Alternatives considered

  • One function, variadic options. WrapDB(db, name, opts...) that internally decided whether it had enough hooks to instrument per- query. Rejected — the call site then has to read option values to know what it gets, and the "this has no per-query visibility" signal is buried. The split signature makes the fidelity visible at the type-check.
  • Generic middleware registration (RegisterHook(name, func)). Let consumers install arbitrary hooks into the wrapper. Rejected — YAGNI; no second consumer yet, and the single-function interception covers every requirement on the Phase 2 roadmap.
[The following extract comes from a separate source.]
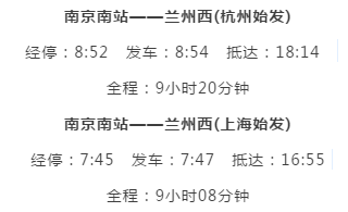 7月1日起,上海铁路局实行新的列车运行图。执行新图后,从杭州东、上海虹桥首次开行至兰州西的高速动车组列车,重点是,这些高铁都将经停南京南站,而且上午出发下午到,全程9个多小时!

The hook surface can be added later without breaking the current signature.
  • Ship WrapDSN only, tell WrapDB users "open differently". Rejected — migrate/bootstrap paths and ORM-owned opens are not always ours to change, and telling an operator "your dashboard is blank because the scaffolding library opened the DB first" is a worse experience than "you get pool stats, here's why the per- query events are missing".
  • Wrap Stmt too. Rejected for the reason above — double coverage, ambiguous latency attribution, no driver in our stack that requires it. Recorded here so the decision is not revisited by default.

References

  • Source: pkg/observ/db.go
  • ADR-030 — Metrics as a sub-package of pkg/observ (why db.go lives at the top level: no transitive dep cost).
  • ADR-016 — HTTP access middleware composition (same author-pattern: library primitives that opt into deeper fidelity as consumers allow).
  • ADR-006 — Error taxonomy seven categories (where upstream_timeout / db_error come from).